Seated Woman of Çatalhöyük

“The Seated Woman of Çatalhöyük (also Çatal Höyük) is a baked-clay, nude female form, seated between feline-headed arm-rests. It is generally thought to depict a corpulent and fertile Mother goddess in the process of giving birth while seated on her throne, which has two hand rests in the form of feline (lioness, leopard, or panther) heads in a Mistress of Animals motif. The statuette, one of several iconographically similar ones found at the site, is associated to other corpulent prehistoric goddess figures, of which the most famous is the Venus of Willendorf. It is a neolithic sculpture shaped by an unknown artist, and was completed in approximately 6000 BCE. It was unearthed by archaeologist James Mellaart in 1961 at Çatalhöyük, Turkey. When it was found, its head and hand rest of the right side were missing. The current head and the hand rest are modern replacements. The sculpture is at the Museum of Anatolian Civilizations in Ankara, Turkey.” ref

“Mellaart claimed that the figure represented a fertility goddess worshipped by the people of Çatalhöyük. He also labeled the site a matriarchy (It was more equality or equalitarianism but had male and female elites, likely, to me). Annalee Newitz suggests two reasons for this interpretation.

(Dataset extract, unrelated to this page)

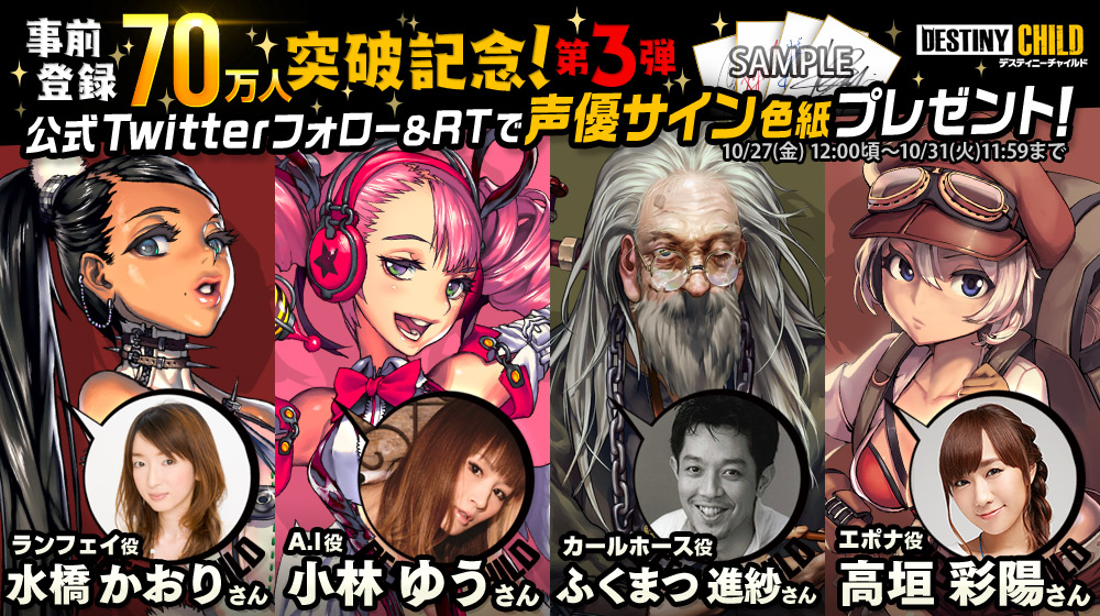 株式会社ステアーズ(本社:東京都渋谷区、代表取締役社長 全 寅兌、以下ステアーズ)は、事前登録受付中の『デスティニーチャイルド』の事前登録者数が2017年10月11日(水)に70万人を突破したことを記念し、本日2017年10月19日(木)より、ゲーム内に出演している豪華声優20名の直筆サイン色紙がもらえるプレゼントキャンペーンを開始したことをお知らせいたします。

First, Mellaart may have been influenced by the theories of James George Frazer and Robert Graves, proponents of the idea of a “mother goddess.” Second, Newitz argues that Mellaart believed a patriarchal society would not have created “nonsexual figures of naked women.” Lynn Meskell, on the other hand, noted that female figurines are rare when the entirety of figures found at Çatalhöyük is taken into account. Based on her research, Newitz suggests that the sculpture instead represents an ancestor or perhaps a talisman.” ref

(I see the Seated Woman of Çatalhöyük as a deified ancestor shaman to me, an elite member of the clan that became or was chosen to embody a sacred status of a tutelary deity or demigoddess or goddess, I do think mother goddess is the right name, but it may be an earth mother.)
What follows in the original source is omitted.